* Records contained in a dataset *
■ ■ ■ ■ ■
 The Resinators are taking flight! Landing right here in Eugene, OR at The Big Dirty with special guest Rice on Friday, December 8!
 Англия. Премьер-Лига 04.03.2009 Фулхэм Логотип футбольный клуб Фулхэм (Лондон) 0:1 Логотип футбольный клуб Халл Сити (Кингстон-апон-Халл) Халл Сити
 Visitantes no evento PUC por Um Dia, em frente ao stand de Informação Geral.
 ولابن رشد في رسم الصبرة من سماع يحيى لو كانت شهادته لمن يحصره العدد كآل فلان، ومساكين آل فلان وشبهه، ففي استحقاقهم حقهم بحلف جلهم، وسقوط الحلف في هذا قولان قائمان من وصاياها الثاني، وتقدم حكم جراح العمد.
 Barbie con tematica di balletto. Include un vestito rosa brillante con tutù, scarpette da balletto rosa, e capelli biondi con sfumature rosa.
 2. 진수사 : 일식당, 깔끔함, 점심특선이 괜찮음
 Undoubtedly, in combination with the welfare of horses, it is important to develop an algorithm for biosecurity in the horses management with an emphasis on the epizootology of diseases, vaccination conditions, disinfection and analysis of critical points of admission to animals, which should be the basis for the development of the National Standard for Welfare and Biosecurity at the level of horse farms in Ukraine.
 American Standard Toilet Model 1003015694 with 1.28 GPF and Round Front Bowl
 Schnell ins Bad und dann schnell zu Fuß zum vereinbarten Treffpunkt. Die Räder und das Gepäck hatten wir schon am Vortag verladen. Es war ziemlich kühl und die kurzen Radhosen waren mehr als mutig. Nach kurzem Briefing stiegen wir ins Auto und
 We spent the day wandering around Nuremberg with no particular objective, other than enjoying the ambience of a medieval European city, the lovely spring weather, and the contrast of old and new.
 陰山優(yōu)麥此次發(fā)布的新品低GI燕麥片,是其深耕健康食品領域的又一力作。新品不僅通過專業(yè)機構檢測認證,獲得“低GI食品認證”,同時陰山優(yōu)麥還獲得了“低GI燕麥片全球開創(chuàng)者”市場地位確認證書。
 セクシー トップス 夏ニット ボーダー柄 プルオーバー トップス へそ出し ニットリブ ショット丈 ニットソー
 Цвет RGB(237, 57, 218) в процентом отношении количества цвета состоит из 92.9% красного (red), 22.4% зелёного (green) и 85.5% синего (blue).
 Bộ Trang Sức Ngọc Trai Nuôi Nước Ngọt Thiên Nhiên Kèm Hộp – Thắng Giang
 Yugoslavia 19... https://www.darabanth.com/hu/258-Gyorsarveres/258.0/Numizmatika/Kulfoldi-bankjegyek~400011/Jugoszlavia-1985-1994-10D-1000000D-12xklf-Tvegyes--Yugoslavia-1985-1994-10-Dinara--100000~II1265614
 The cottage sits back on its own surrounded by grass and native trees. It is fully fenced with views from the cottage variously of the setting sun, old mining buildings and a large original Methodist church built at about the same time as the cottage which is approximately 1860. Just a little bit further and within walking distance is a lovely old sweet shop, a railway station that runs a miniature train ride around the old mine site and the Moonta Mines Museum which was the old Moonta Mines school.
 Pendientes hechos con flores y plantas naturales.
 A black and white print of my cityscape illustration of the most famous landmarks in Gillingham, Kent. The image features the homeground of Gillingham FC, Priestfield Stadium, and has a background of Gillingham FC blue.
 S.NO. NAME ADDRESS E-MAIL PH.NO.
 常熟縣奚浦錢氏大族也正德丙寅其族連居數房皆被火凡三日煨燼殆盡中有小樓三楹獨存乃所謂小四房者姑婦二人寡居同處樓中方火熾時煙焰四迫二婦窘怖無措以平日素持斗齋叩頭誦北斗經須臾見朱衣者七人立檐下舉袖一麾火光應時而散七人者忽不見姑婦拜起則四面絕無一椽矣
■ ■ ■ ■ ■
* YOUR INSTRUCTIONS *
Filter the records above for lines with "blue".

* REPLY *
 Цвет RGB(237, 57, 218) в процентом отношении количества цвета состоит из 92.9% красного (red), 22.4% зелёного (green) и 85.5% синего (blue).
 A black and white print of my cityscape illustration of the most famous landmarks in Gillingham, Kent. The image features the homeground of Gillingham FC, Priestfield Stadium, and has a background of Gillingham FC blue.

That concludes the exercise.